Work instruction
In the records below, find the line containing "Çalışma ve Sosyal" and the line containing "SLEEVELESS MERINO WOOL"; please repeat exactly the lines from one to the other, both included, and nothing more.

Records supplied
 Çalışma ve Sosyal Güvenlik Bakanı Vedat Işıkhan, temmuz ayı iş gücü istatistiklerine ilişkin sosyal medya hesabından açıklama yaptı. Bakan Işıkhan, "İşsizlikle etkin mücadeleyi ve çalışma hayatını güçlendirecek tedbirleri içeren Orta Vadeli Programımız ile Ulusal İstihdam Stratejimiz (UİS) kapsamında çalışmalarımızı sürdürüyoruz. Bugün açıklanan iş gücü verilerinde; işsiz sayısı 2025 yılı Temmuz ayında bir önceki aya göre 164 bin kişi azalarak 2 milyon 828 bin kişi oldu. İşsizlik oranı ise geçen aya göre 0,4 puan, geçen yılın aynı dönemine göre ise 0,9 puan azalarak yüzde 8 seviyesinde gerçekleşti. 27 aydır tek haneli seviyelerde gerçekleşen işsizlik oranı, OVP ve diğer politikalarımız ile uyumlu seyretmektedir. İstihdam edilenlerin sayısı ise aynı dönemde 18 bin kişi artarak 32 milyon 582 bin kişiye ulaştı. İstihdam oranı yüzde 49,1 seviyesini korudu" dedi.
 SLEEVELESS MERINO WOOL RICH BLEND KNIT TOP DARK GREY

==

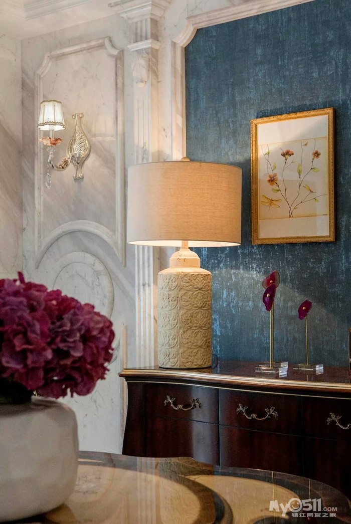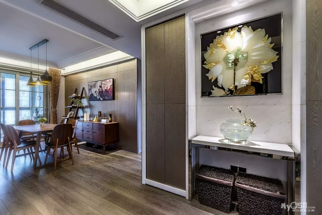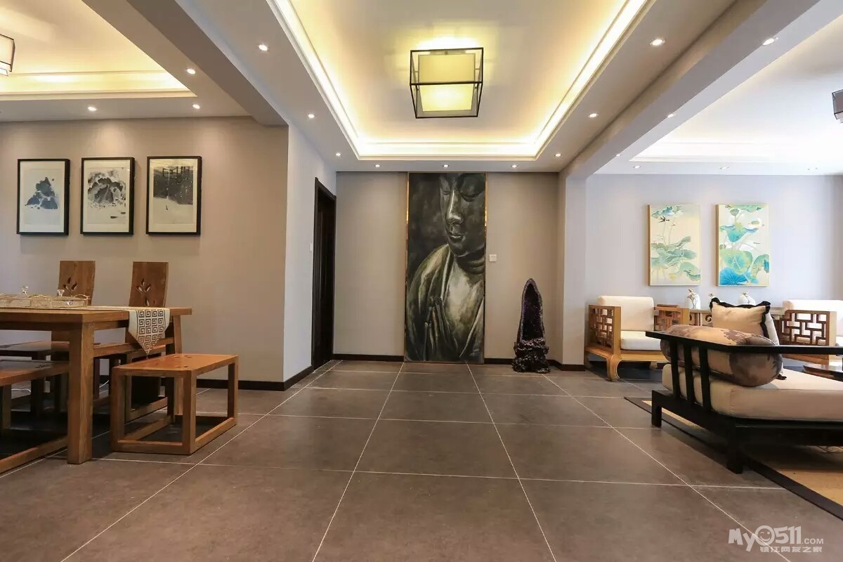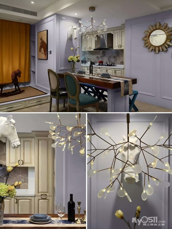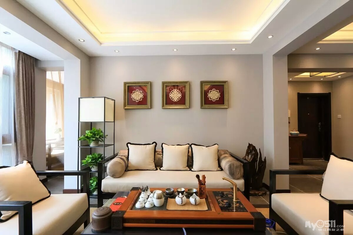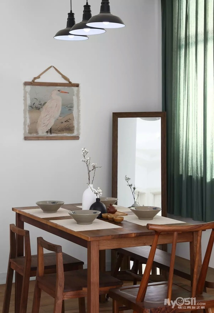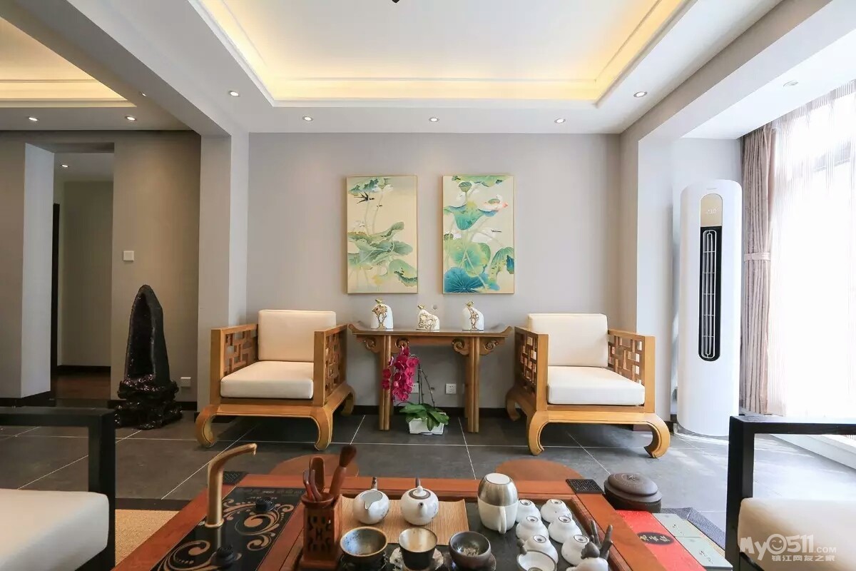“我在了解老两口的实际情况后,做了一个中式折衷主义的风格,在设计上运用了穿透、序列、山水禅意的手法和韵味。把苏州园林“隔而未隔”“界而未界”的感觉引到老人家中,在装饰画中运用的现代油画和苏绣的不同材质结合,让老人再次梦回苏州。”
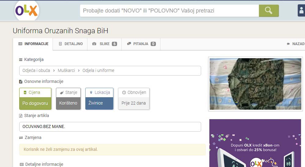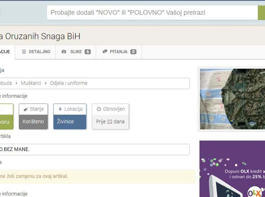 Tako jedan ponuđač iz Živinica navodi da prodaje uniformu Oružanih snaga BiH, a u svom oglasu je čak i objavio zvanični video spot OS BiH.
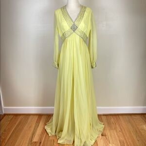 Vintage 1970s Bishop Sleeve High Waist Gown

...

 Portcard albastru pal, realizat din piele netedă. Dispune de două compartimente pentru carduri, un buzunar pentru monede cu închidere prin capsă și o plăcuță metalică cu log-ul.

Written response
 Çalışma ve Sosyal Güvenlik Bakanı Vedat Işıkhan, temmuz ayı iş gücü istatistiklerine ilişkin sosyal medya hesabından açıklama yaptı. Bakan Işıkhan, "İşsizlikle etkin mücadeleyi ve çalışma hayatını güçlendirecek tedbirleri içeren Orta Vadeli Programımız ile Ulusal İstihdam Stratejimiz (UİS) kapsamında çalışmalarımızı sürdürüyoruz. Bugün açıklanan iş gücü verilerinde; işsiz sayısı 2025 yılı Temmuz ayında bir önceki aya göre 164 bin kişi azalarak 2 milyon 828 bin kişi oldu. İşsizlik oranı ise geçen aya göre 0,4 puan, geçen yılın aynı dönemine göre ise 0,9 puan azalarak yüzde 8 seviyesinde gerçekleşti. 27 aydır tek haneli seviyelerde gerçekleşen işsizlik oranı, OVP ve diğer politikalarımız ile uyumlu seyretmektedir. İstihdam edilenlerin sayısı ise aynı dönemde 18 bin kişi artarak 32 milyon 582 bin kişiye ulaştı. İstihdam oranı yüzde 49,1 seviyesini korudu" dedi.
 SLEEVELESS MERINO WOOL RICH BLEND KNIT TOP DARK GREY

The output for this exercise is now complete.